■ GOAL OF THE EXERCISE ■
Write out, from the entries below, exactly the lines that run between the lines holding "bonding, love, tradition" and "Θήκη τηλεφώνου δερμάτινη", inclusive, and stop there.
#### DATA EXTRACTS
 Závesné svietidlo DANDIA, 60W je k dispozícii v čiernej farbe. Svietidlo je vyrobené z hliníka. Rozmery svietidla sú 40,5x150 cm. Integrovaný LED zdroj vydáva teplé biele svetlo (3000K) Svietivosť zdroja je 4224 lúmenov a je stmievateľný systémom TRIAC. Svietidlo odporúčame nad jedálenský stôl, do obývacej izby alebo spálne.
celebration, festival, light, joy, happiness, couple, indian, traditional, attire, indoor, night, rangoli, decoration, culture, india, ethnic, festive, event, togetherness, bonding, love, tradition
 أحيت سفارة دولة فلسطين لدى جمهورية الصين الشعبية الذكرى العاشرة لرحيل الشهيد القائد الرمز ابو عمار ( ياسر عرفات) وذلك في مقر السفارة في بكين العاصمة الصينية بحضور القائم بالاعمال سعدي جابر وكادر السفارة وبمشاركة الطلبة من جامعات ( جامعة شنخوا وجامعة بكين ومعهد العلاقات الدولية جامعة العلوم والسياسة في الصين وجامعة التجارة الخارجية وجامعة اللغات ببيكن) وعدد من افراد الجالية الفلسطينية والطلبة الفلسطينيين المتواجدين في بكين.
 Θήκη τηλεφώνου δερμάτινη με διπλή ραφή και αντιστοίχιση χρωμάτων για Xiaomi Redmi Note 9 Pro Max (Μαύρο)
########
#### DATA EXTRACTS
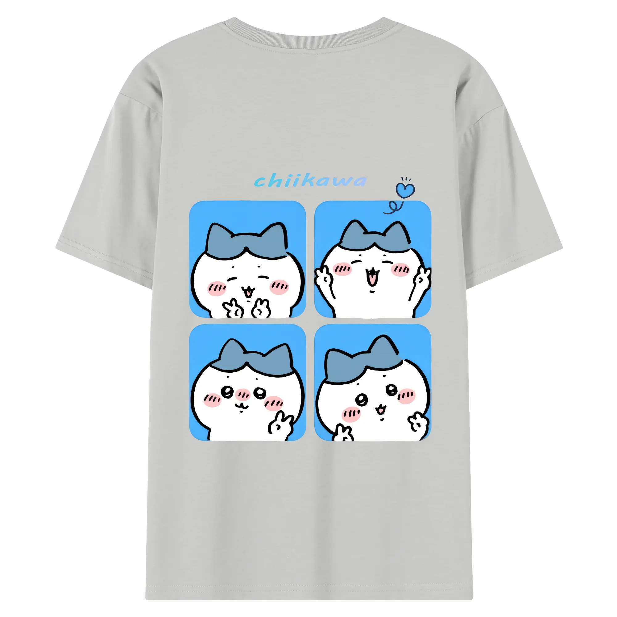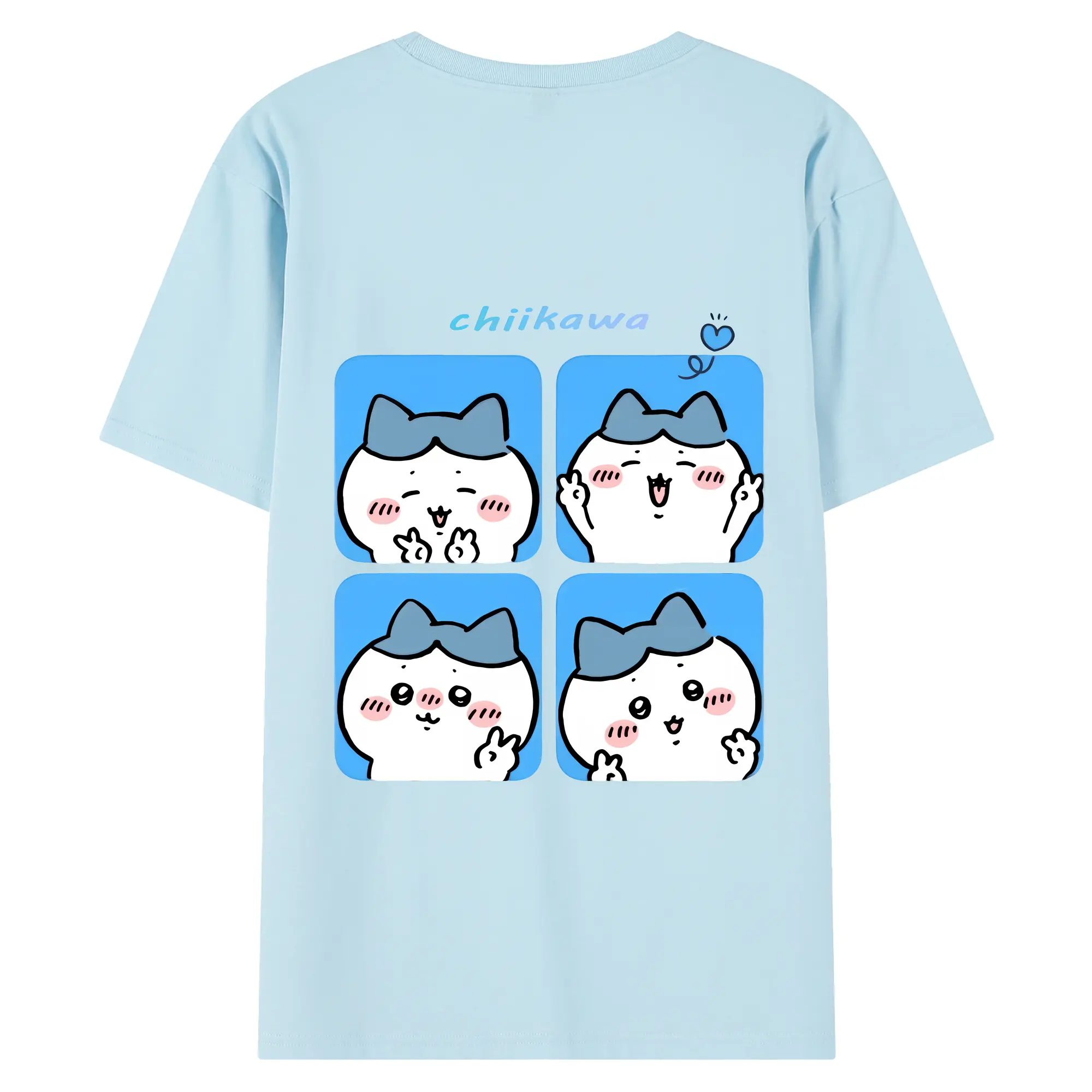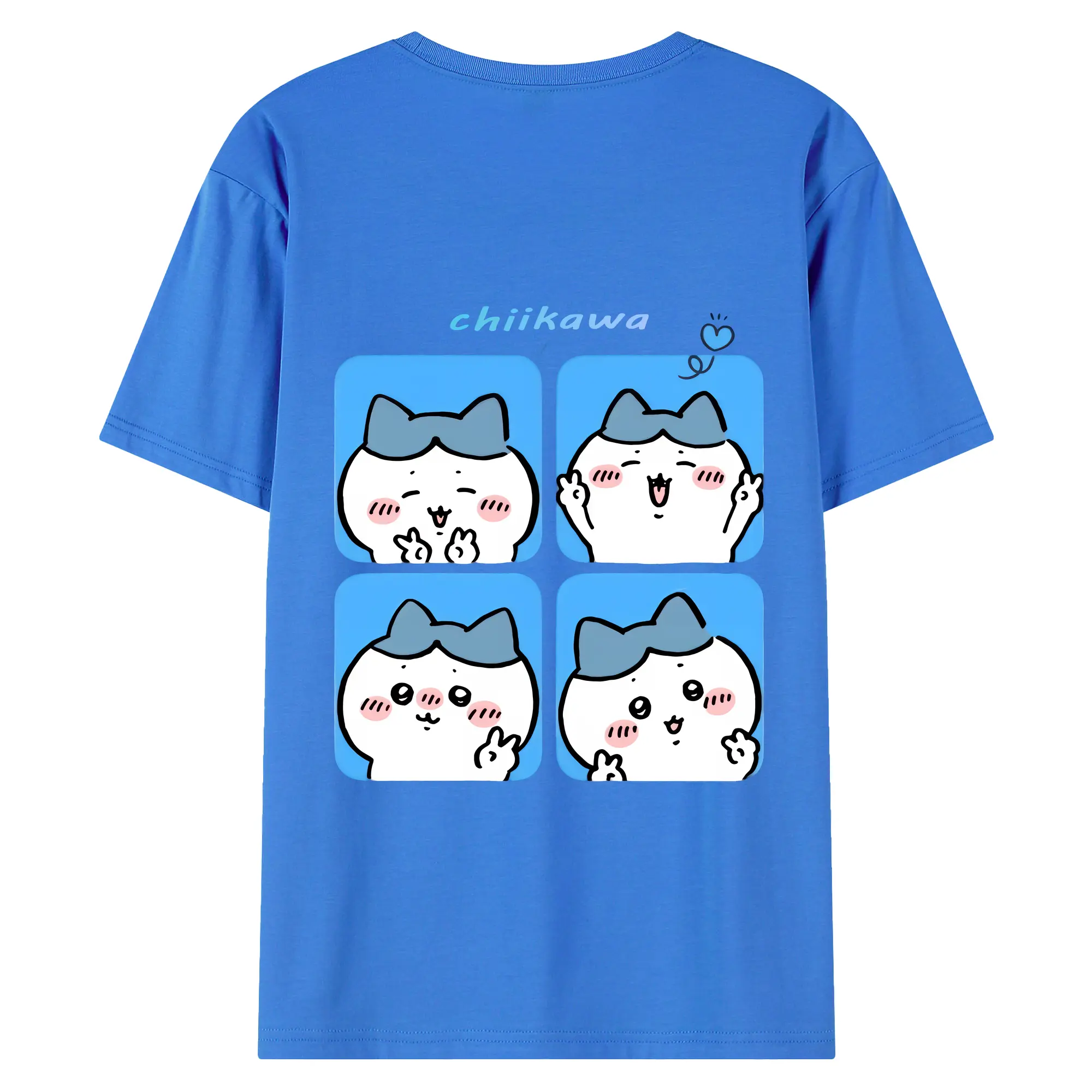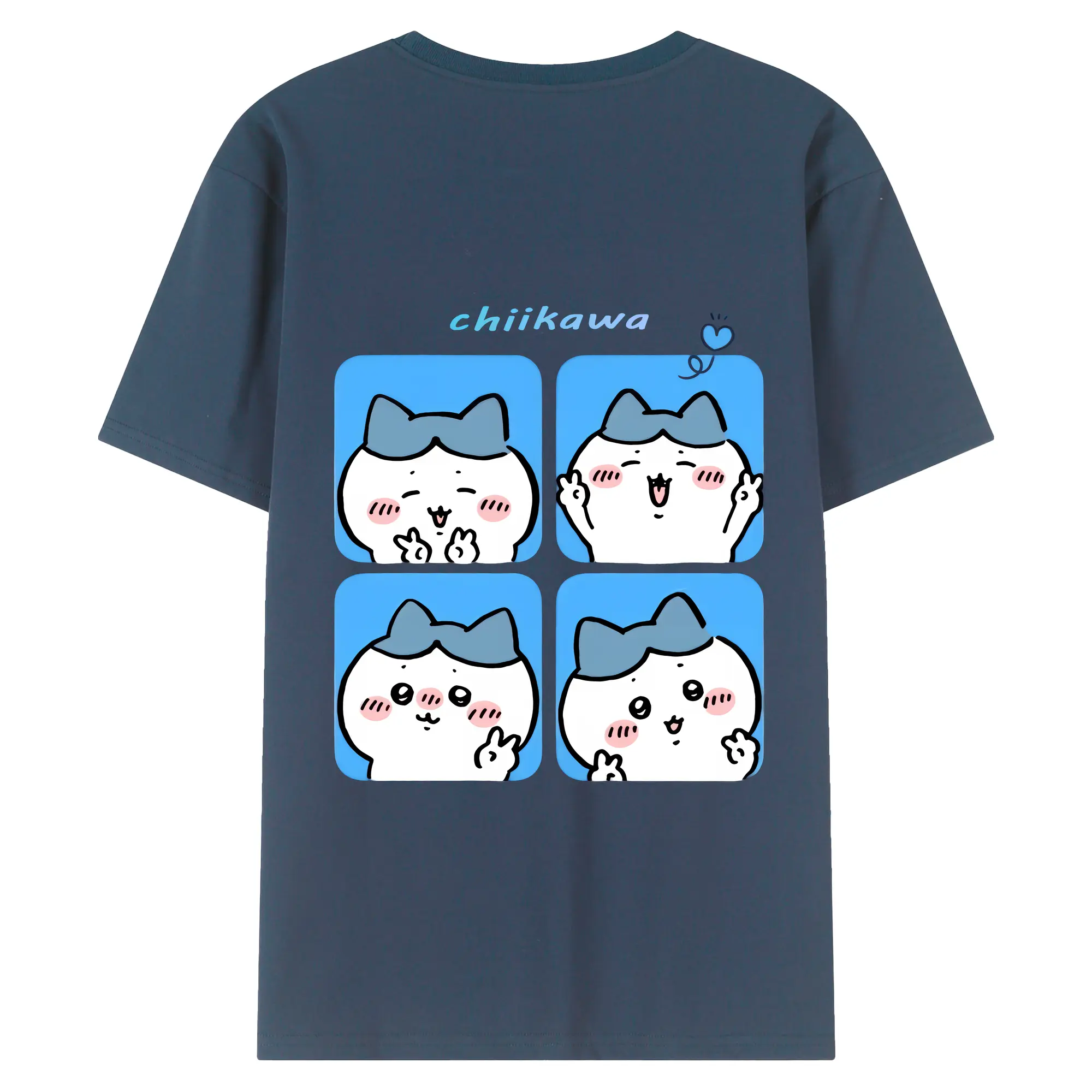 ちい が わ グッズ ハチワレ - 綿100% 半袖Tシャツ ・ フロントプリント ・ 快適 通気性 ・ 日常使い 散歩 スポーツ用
########
■ RESULT FOR THIS EXERCISE ■
celebration, festival, light, joy, happiness, couple, indian, traditional, attire, indoor, night, rangoli, decoration, culture, india, ethnic, festive, event, togetherness, bonding, love, tradition
 أحيت سفارة دولة فلسطين لدى جمهورية الصين الشعبية الذكرى العاشرة لرحيل الشهيد القائد الرمز ابو عمار ( ياسر عرفات) وذلك في مقر السفارة في بكين العاصمة الصينية بحضور القائم بالاعمال سعدي جابر وكادر السفارة وبمشاركة الطلبة من جامعات ( جامعة شنخوا وجامعة بكين ومعهد العلاقات الدولية جامعة العلوم والسياسة في الصين وجامعة التجارة الخارجية وجامعة اللغات ببيكن) وعدد من افراد الجالية الفلسطينية والطلبة الفلسطينيين المتواجدين في بكين.
 Θήκη τηλεφώνου δερμάτινη με διπλή ραφή και αντιστοίχιση χρωμάτων για Xiaomi Redmi Note 9 Pro Max (Μαύρο)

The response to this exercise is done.